# New Chicks!



## tigris1997 (Feb 15, 2013)

I just got my new chicks! I'm so excited! I have 6 red star female little babies and two ducks! I have them set up in my bedroom with food and water and a heat lamp. The ducks are fine, but the chicks seem to still be adjusting. Enjoy the pics! I'm so excited!


----------



## rob (Jun 20, 2012)

lovely pics, they look great.


----------



## robopetz (Oct 16, 2012)

So cute, look at the mini duck lol


----------



## kaufranc (Oct 3, 2012)

How cute! I would have them in my bedroom too!
I remember when my duck Donald looked like that! Thanks got sharing!


----------



## kaufranc (Oct 3, 2012)

I mean thanks for sharing!


----------



## 7chicks (Jun 29, 2012)

Too cute! I'm so glad you shared the pics!


----------



## Lissa (Oct 23, 2012)

Uh oh, I think Robopetz had a typo in his comment. LOL....They are so cute; great, now I want a duck too!


----------



## tigris1997 (Feb 15, 2013)

one if the ducks keeps walking out! They can fit through the cage, but she's the only on that's figured it out.


----------



## eqstrnathlete (Dec 9, 2012)

The one in your hand looks like a female, based on bill color! Here is my new one.


----------



## robopetz (Oct 16, 2012)

Lissa said:


> Uh oh, I think Robopetz had a typo in his comment. LOL....They are so cute; great, now I want a duck too!

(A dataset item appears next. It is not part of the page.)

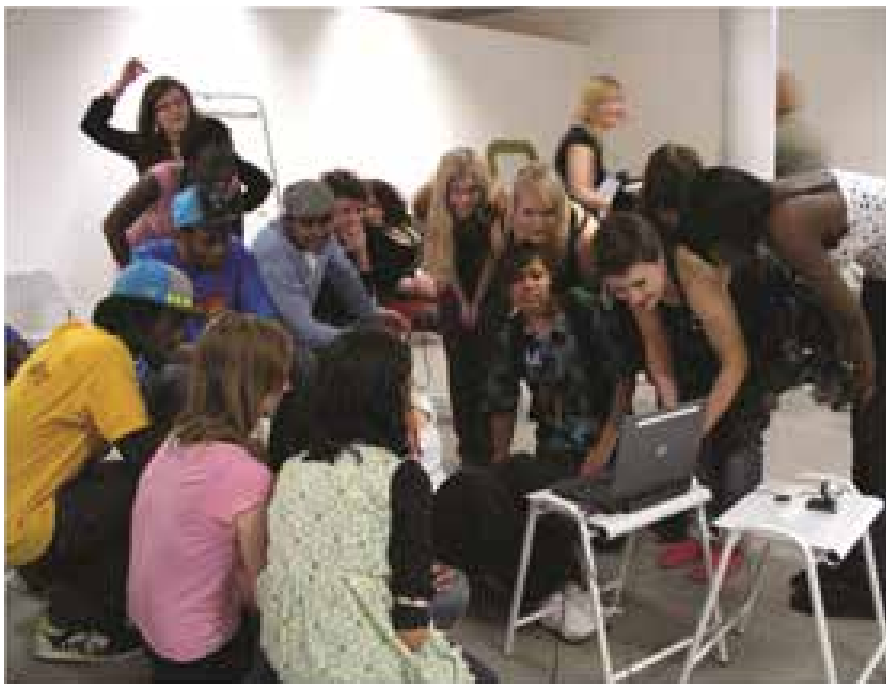
Animaatiopaja Liverpoolissa

Vantaan nuorisotoimessa visuaalista taitoa ja kädentaitoja käytetään nuorisotyön metodina avoimessa iltapäivätoiminnassa sekä Vernissassa järjestettävillä animaatiokursseilla. Yhteistyötä on tähän mennessä tehty pääkaupunkiseudun yhteistyösopimuksessa määriteltyjen tapahtumatuotantojen puitteissa, mutta Vantaalla löytyy halua myös jakaa osaamista enemmänkin helsinkiläisten kollegoiden kanssa. Vierailin vanhassa vernissan keittämiseen käytetyssä salissa, joka tarjoaa satumaisen rosoiset puitteet animaatioiden tekemiselle sekä esittämislle. Nuorten ryhmissä (11-20v) tehdään nukkeanimaatioita alkaen nukkejen valmistuksesta asti. Nuorten tekemät nukket istuskelevat ryhmänä orrella ammattilais-animaattoreiden sekä alan opiskelijoiden nukkejen rinnalla. Animaatioita pystyy tekemään myös työpaikatyyppisesti, jolloin lopputulos on lyhyempi, mutta sitäkin monimuotoisempi. Näitä animaatioelokuvia on lähetetty kansainvälisiin kilpailuihin ja ne ovat matkanneet ympäri maailmaa. Työpajamahdollisuus sopii esimerkiksi kouluista vieraillemaan tuleville nuorten ryhmille.

Oh my!!!!! I didn't even realize that. My bad guys!!!!


----------



## tigris1997 (Feb 15, 2013)

eqstrnathlete said:


> The one in your hand looks like a female, based on bill color! Here is my new one.


awww so cute! I'm glad mines a girl! I already named it rosy.


----------



## lilychicken (Dec 29, 2012)

Aww what an adorable baby duck!


----------